Some notes on the Celtics Game 1 defense from the email NBA.com sent this morning...
Boston played Luka one-on-one for much of the night, but mixed up its coverages just enough to not let Luka get comfortable.
Double Teams: As the Celtics built their 29-point lead in the 1st half (and rebuilt it back to 20 at the end of the 3rd quarter), they only double-teamed Luka five times.
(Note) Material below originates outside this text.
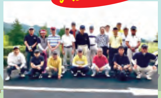
石岡ウエストカントリークラブ

Then, they doubled him four times in his seven 4th-quarter minutes to prevent one final run
The Mavs scored just 0.78 points per possession when Luka was doubled, compared to 0.98 on all other possessions
Switching: Luka drew a game-high 31 on-ball switches in Game 1, in which Dallas scored 1.12 points per possession compared to 0.88 points per possession without a Luka switch
Boston’s switching led to Luka being defended by Boston’s bigs, which Luka tried to exploit – 15 of his 26 shot attempts came in the 2:12 of matchup time he had against Al Horford and Kristaps Porzingis.
Horford held Luka to two points on 1-of-8 shooting (0-of-4 from 3) with one block, while Porzingis allowed 13 pts on 5-of-7 shooting (3-of-4 from 3) to his former teammate
Luka’s two primary defenders – Jaylen Brown (7 minutes) and Jrue Holiday (2:15) – combined to allow 10 points on 5-of-9 shooting with two turnovers
By playing Luka one-on-one and staying home on Dallas’ shooters, the Celtics forced the Mavs into historically-low playmaking.
As John Schuhmann noted in his Game 1 film study, Dallas’ 25.7% assist rate was the lowest for any team in any game in the last seven seasons.